Há aqui uma questão sensível que é saber o que chamar a José Sócrates neste caso. Arguido, ele não é. Suspeito, também nos disseram que não. Testemunha, ainda não foi. Envolvido, parece um bocado mal. O melhor é chamar-lhe alguém-vagamente-relacionado-com-o-caso Freeport. Ora, desde quando é que os estados de espírito de alguém-vagamente-relacionado-com qualquer caso com fortes suspeitas de corrupção são matéria de preocupação para os investigadores? Durante os últimos dias eu ouvi falar tanto de pressões que parecia estar a assistir a um infindável boletim meteorológico de Anthímio de Azevedo. Mas há limites para tudo. Ou se cria o conceito de "socratete" para quem continua a garantir que José Sócrates é um anjo que paira imaculado sobre Alcochete e que não deve justificações a ninguém, ou a justiça pára com a tremedeira de pernas e faz finalmente o que tem a fazer. Quer isto dizer que o deve acusar? Não. Quer isto dizer que o deve escutar. Como há muito o teria feito se o alguém-vagamente-relacionado-com-o-caso não se chamasse José Sócrates.

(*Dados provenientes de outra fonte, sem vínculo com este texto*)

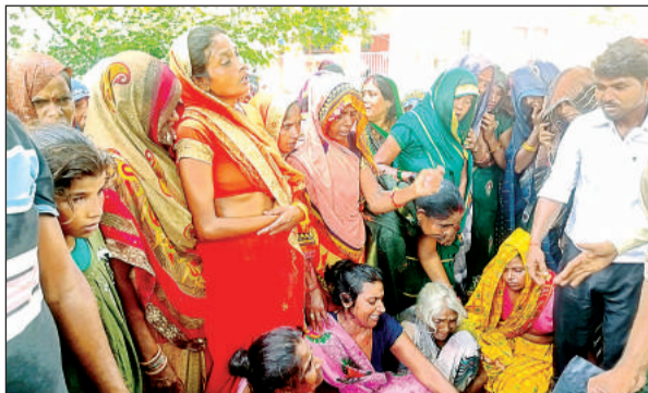
लोहिया अस्पताल में बिलखते परिजन।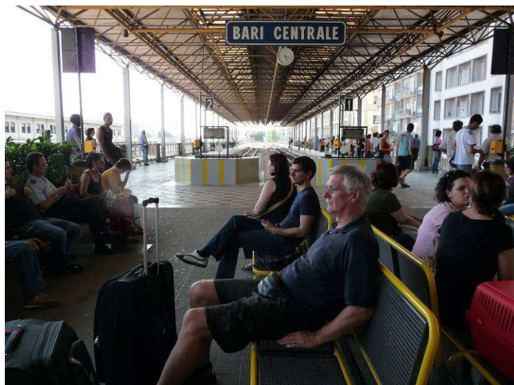
Her sitter vi og venter på toget som skal til Matera

Det var litt vanskelig å finne ut hvor toget til Matera gikk fra, for det var mange lokale tog som gikk ut fra Bari og de ble drevet av forskjellige selskap. Vi spurte rundt og vi ble til slutt henvist til en annen bygning på stasjonsområdet. Her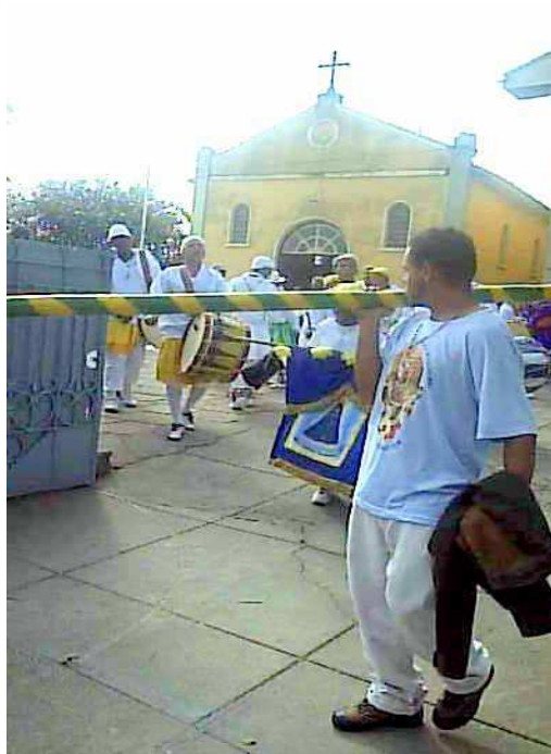
Os mastros sendo retirados da capela para serem erguidos na Praça XV de Novembro. 285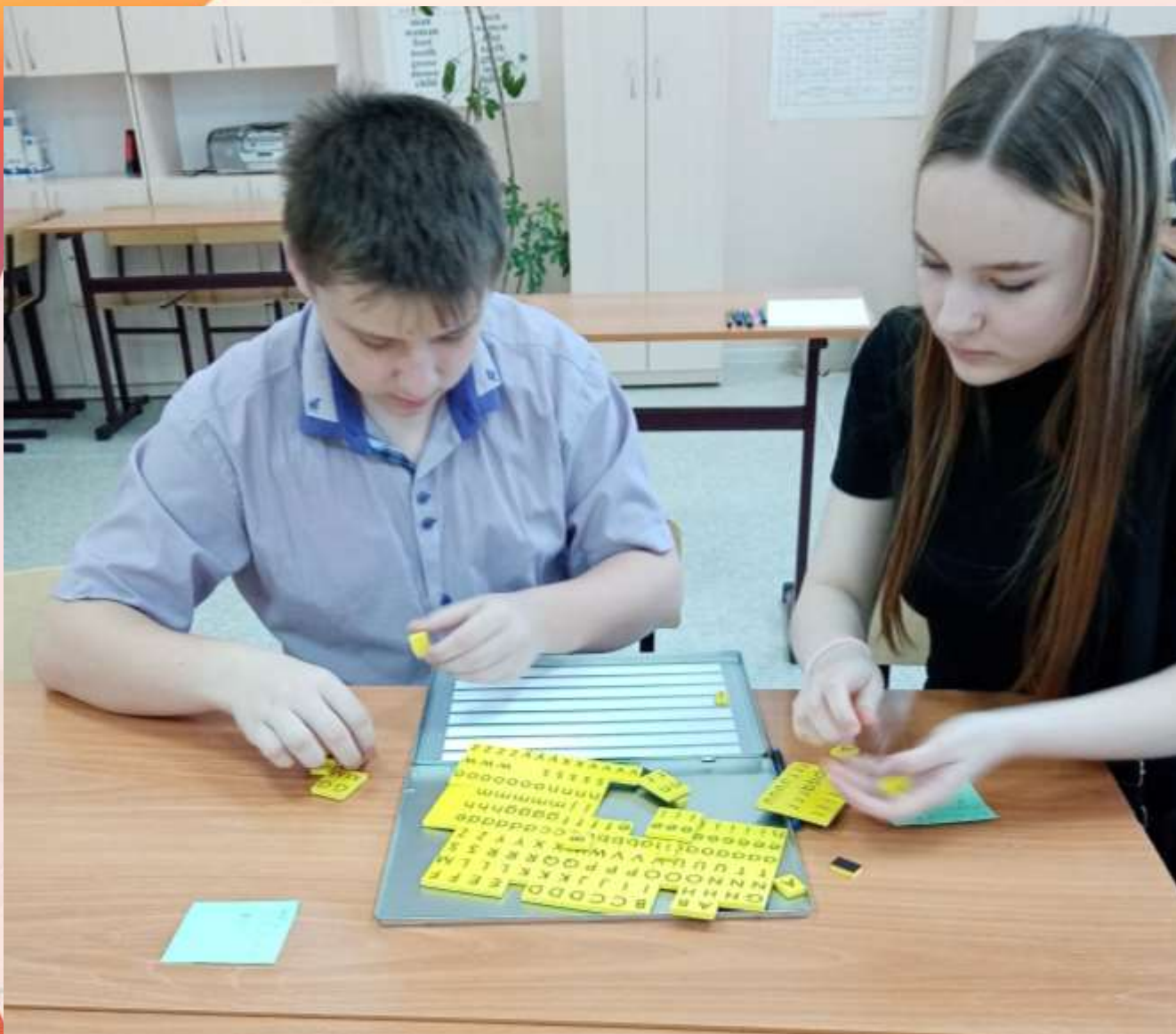
9а класс собирает имена

Nota final: Como é do conhecimento público, José Sócrates decidiu processar-me por difamação, devido a um artigo de 3 de Março em cuja primeira frase o seu nome coabitava com o de Cicciolina. Por muito tentadora que possa parecer a ideia de ir a tribunal discutir tangentes entre o primeiro-ministro e a ex-deputada italiana, há que fazer justiça ao engenheiro Sócrates e ao escritório de advogados do dr. Proença de Carvalho e esclarecer que fui processado por muitas frases desse artigo, mas nenhuma delas inclui antigas estrelas de cinema pornográfico. Lamento pôr em causa tanta criatividade textual e visual que saiu em meu auxílio na blogosfera, mas opiniões são opiniões - e factos são factos.